Async Agentic Framework For Production Grade Agentic Systems

Project description

AsyncAgentic

Fully Asynchronous No Bloat Python Agentic Framework

Overview

AsyncAgentic is a lightweight, production-ready, fully asynchronous Python framework for building agentic systems powered by large language models (LLMs). It is designed to prioritize simplicity, extensibility, and performance, allowing developers to focus on business logic without wrestling with complex framework abstractions. The framework supports multiple LLMs, concurrent tool execution, and provides robust features like event hooks and stop signals for production-grade control.

Key principles:

  • No Bloat: Minimal dependencies, only what's necessary.
  • Fully Asynchronous: No blocking calls, leveraging Python's asyncio for performance.
  • Simple to Use: Intuitive API, no steep learning curve.
  • Extensible and Debuggable: Easy to extend with custom logic and debug with detailed logs.
  • Production-Ready: Features like user_id/chat_id, stop signals, and event hooks for seamless integration into production systems.
  • No Code Execution: By default, no LLM-generated code execution for security. A separate AsyncAgentic[hobbyist] package will support code execution for non-production use cases.
  • Direct Tool Execution: No human-in-the-middle; tool calls are executed directly, and only LLM text responses are returned to the user.

Features

  • No Bloat: Minimal dependencies to keep the framework lightweight.
  • Fully Asynchronous: Built with asyncio for non-blocking operations.
  • Simple API: Intuitive interface for quick integration.
  • Parallel Tool Calls: Supports concurrent execution of multiple tool calls for efficiency.
  • Event Hooks: Customizable hooks for monitoring and extending functionality:
    • on_function_call_start: Triggered when a tool call begins.
    • on_function_call_end: Triggered when a tool call completes.
    • on_function_call_error: Triggered on tool call errors.
    • on_context_overflow: Triggered when context limits are exceeded.
    • More hooks in development (data models pending).
  • Stop Chat System: Attach a stop signal function to halt chat execution dynamically.
  • Context Management: Choose between "Simple" (length-based) or "Accurate" (token-based with tiktoken) context handling.
  • Forced User and Chat IDs: Every function and hook receives user_id and chat_id for production-grade tracking and integration (e.g., cost tracking, user-specific logic).
  • No Human-in-the-Middle: Tool calls are executed directly without exposing internal workings to users.
  • Customizable System Prompts: Tailor agent behavior with system prompts.
  • Flexible Tool Registry: Register tools with JSON schemas compatible with OpenAI's format.
  • Concurrent Function Execution: Execute multiple tool calls simultaneously when enabled.
  • Context Overflow Handling: Configurable strategies for handling context limits, including simple dropping or summary-based dropping.
  • Stable API: Version 1 APIs will be final with no breaking changes, ensuring long-term support (LTS).

Installation

Install the package via uv:

uv add AsyncAgentic

Install the package via pip:

pip install AsyncAgentic

USAGE:

Simple Agent

import os
import json
import time
import asyncio
from datetime import datetime


from AsyncAgentic.Agents import AsyncOpenAISimpleAgent

# NOTICE: FORCED DEPENDECY? CHAT_ID AND USER_ID IS COMPULSORY. 
# THIS MAY FEEL WEIRD BUT YOU WILL THANK ME LATER. WHEN YOUR PRODUCTION REQUIREMENT CHANGES. LIKE AGENT SPECIFIC COSTING OR ONLY PURCHASED AGENTS ARE ACCESIBLE ETC...
async def get_current_time(user_id: str, chat_id: str, agent_name: str) -> str:
    print(f"get_current_time called by {agent_name} for user {user_id} and chat {chat_id}")
    return datetime.now().strftime("%H:%M:%S")

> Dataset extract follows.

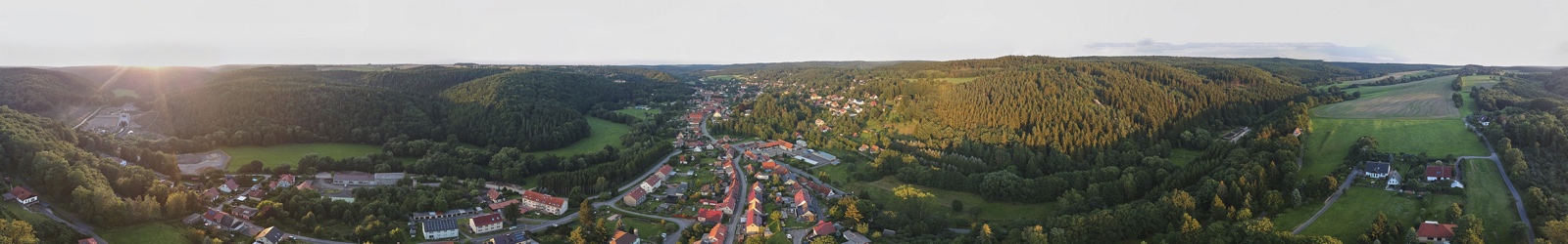 eingebettet ins idyllische Tal der Wipper. Die angrenzenden Berge sind bis zu 400 m hoch und mit Laub- und Nadelwald bewachsen.
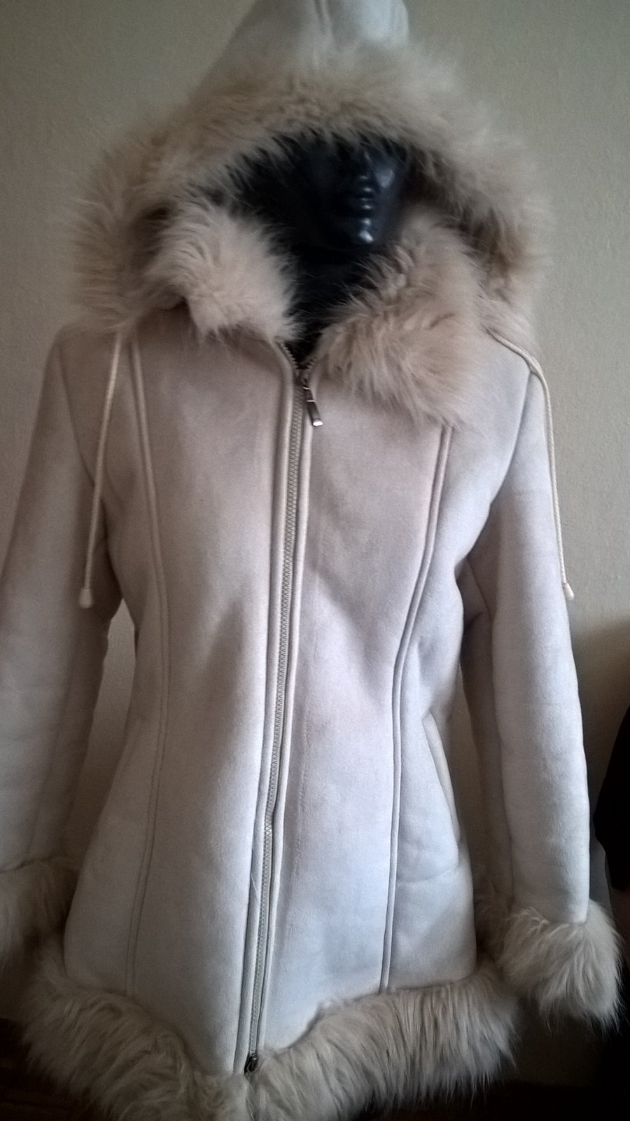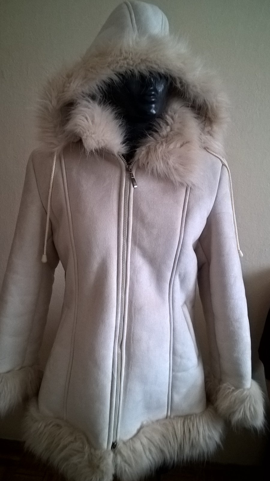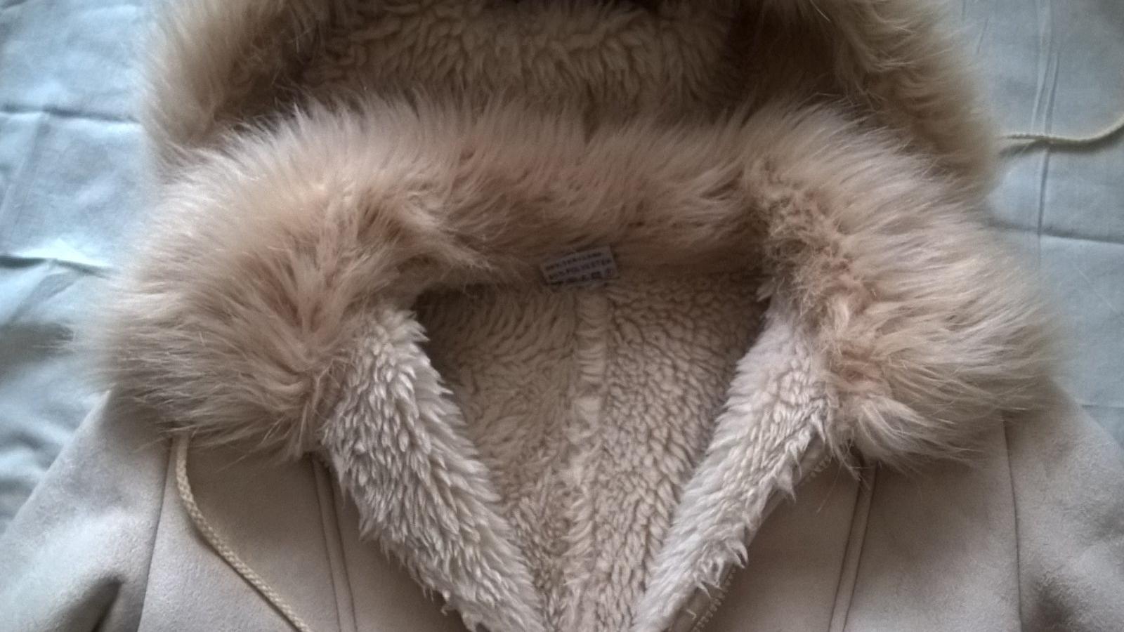 biely teplý kožúšok kapuca sa dá odnímať zapínanie na zips bez poškodenia

async def get_weather(city: str, user_id: str, chat_id: str, agent_name: str) -> str:
    print(f"get_weather called by {agent_name} for user {user_id} and chat {chat_id}")
    await asyncio.sleep(1)
    return f"Sunny, 22°C in {city}"

get_time_schema = {
    "name": "get_current_time",
    "description": "Get the current time",
    "parameters": {
        "type": "object",
        "properties": {},
        "required": []
    }
}

get_weather_schema = {
    "name": "get_weather",
    "description": "Get weather for a city",
    "parameters": {
        "type": "object",
        "properties": {
            "city": {
                "type": "string",
                "description": "The city to get weather for"
            }
        },
        "required": ["city"]
    }
}

async def main():
    agent = AsyncOpenAISimpleAgent(
        agent_name="Test_Agent",
        agent_description="Test agent for weather and time",
        model="gpt-4o-mini",
        # model="llama3-groq-tool-use",
        api_key=os.getenv("OPENAI_API_KEY"),
        context_handling_method="simple",
        max_context_length=25000,
        max_token_per_message=4000,
        # base_url="http://localhost:11434/v1", # OLLAMA ALSO WORK , SO HERE I HAVE ADDED EXAMPLE.
        user_id="test_user",
        chat_id="test_chat",
        tool_registry=[
            {
                "name": "get_current_time",
                "function_schema": get_time_schema,
                "func": get_current_time
            },
            {
                "name": "get_weather",
                "function_schema": get_weather_schema,
                "func": get_weather
            }
        ],
        execute_function_concurrently=True,
        system_prompt="You are a helpful assistant that can check time and weather"
    )


    response = await agent.send_message(
        "What's the time and weather in Tokyo and London? i am testing the concurrent execution of tools. execute both tools at same time.",
        debug_print=True
    )
    print(json.dumps(response, indent=2))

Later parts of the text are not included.